Há quem compre o afeto - e depois o "amor" - com presentes e promessas. Conheço uma mulher que resolveu comprar o "amor de sua vida" através do empréstimo do carro, realizando as fantasias sexuais do amante e contribuindo para a formação acadêmica do rapaz, em uma relação quase incestuosa  - uma vez que o rapaz é dez anos mais jovem. O homem da relação, mesmo não tendo dinheiro e nenhum tipo de compromisso com ela, notadamente leva o relacionamento adiante por ser cômodo, nas circunstâncias em que está envolvido. Ela acredita estar sendo amada. As pessoas gostam de se iludir.  E é nessa história de ilusão que observo um outro casal que, depois de décadas vivendo no limite, porque tiveram uma origem semelhante ao casal descrito anteriormente, só podem existir como unidade graças à distância e à tolerância. 
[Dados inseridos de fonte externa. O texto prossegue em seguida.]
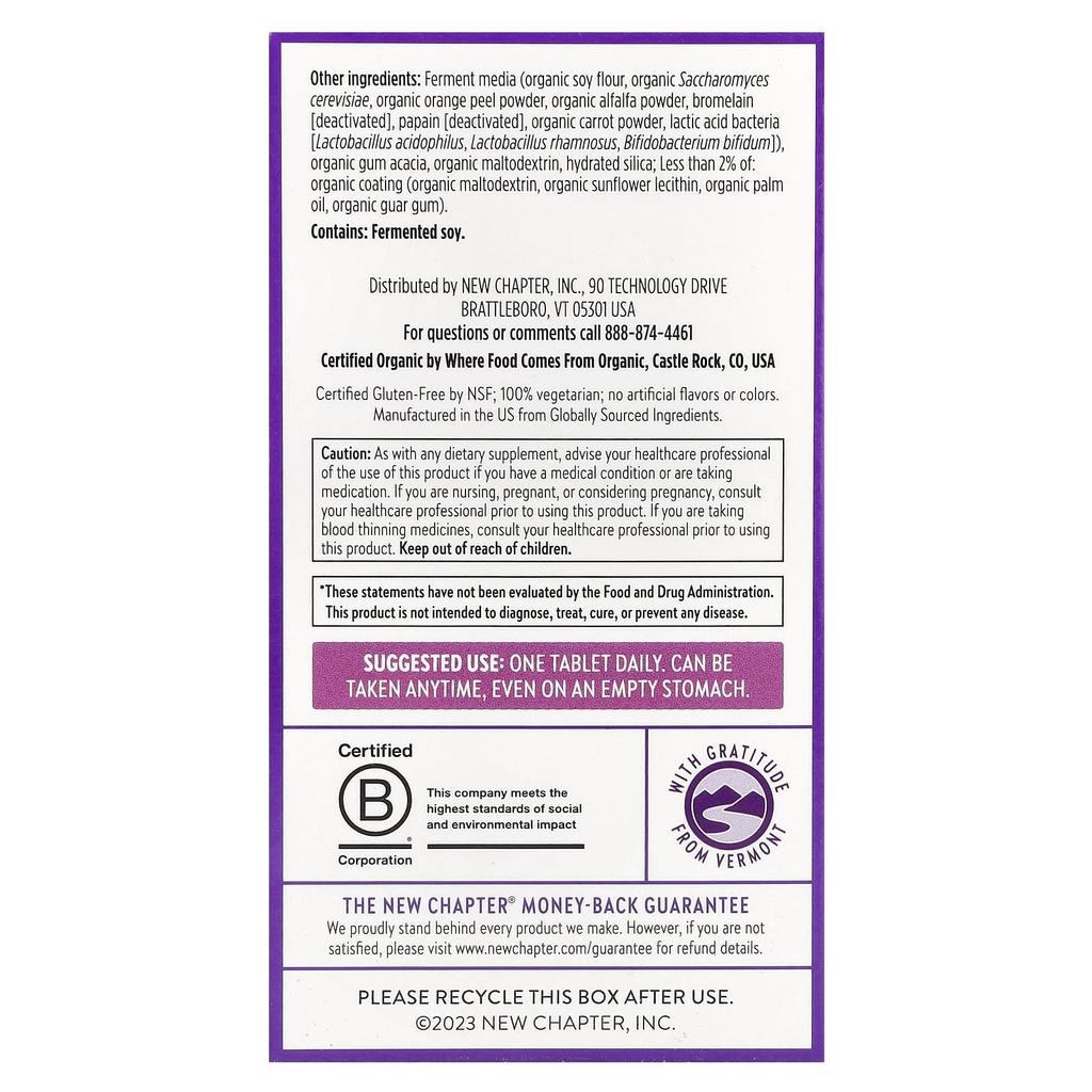Ingredients: Fermentation Media (Organic Soy Powder, Organic Brewer's Yeast, Organic Orange Peel Powder, Organic Alfalfa Powder, Bromelain [Inactivated], Papain [Inactivated], Organic Carrot Powder, Lactic Acid Bacteria [Lactobacillus Acidophilus, Lactobacillus Rhamnosus, Bifidobacterium Bifidum]), Organic Acacia Gum, Organic Maltodextrin, Hydrated Silica; Less than 2%: Organic Coating (Organic Maltodextrin, Organic Sunflower Lecithin, Organic Palm Oil, Organic Guar Gum). Contains: Fermented Soy. Made in the USA with Imported Ingredients.

O "amor", como gostamos de classificar certos tipos de sentimentos que sustentam determinadas e fracassadas relações, pode até ser comprado por um período de tempo; pode ser remodelado para suprir algumas carências crônicas que surgiram de uma educação familiar desequilibrada e precária. Porém, esse "amor" comprado não subsiste muito tempo longe das novidades, distante de provocações. E, geralmente, ancora-se em traições e na mascarada falta de respeito para com o cônjuge ou namorado(a). 
Afeto mesmo, que é capaz de tudo suportar, precisa ser conquistado através das adversidades e da resistências às vicissitudes que só o tempo revela, cria e multiplica. O resto nem pode ser classificado como paixão - porque para ser paixão precisa haver desejo, lascívia e vontade. 
Depois não reclame, nem esbraveje nem processe, daquele(a) que não corresponde ao seu "amor" comprado. Você escolheu ser medíocre e rotular-se como a pior pessoa do mundo quando decidiu, por livre e espontânea vontade e extrema preguiça, comprar aquilo que deveria ser gratuito e espontâneo.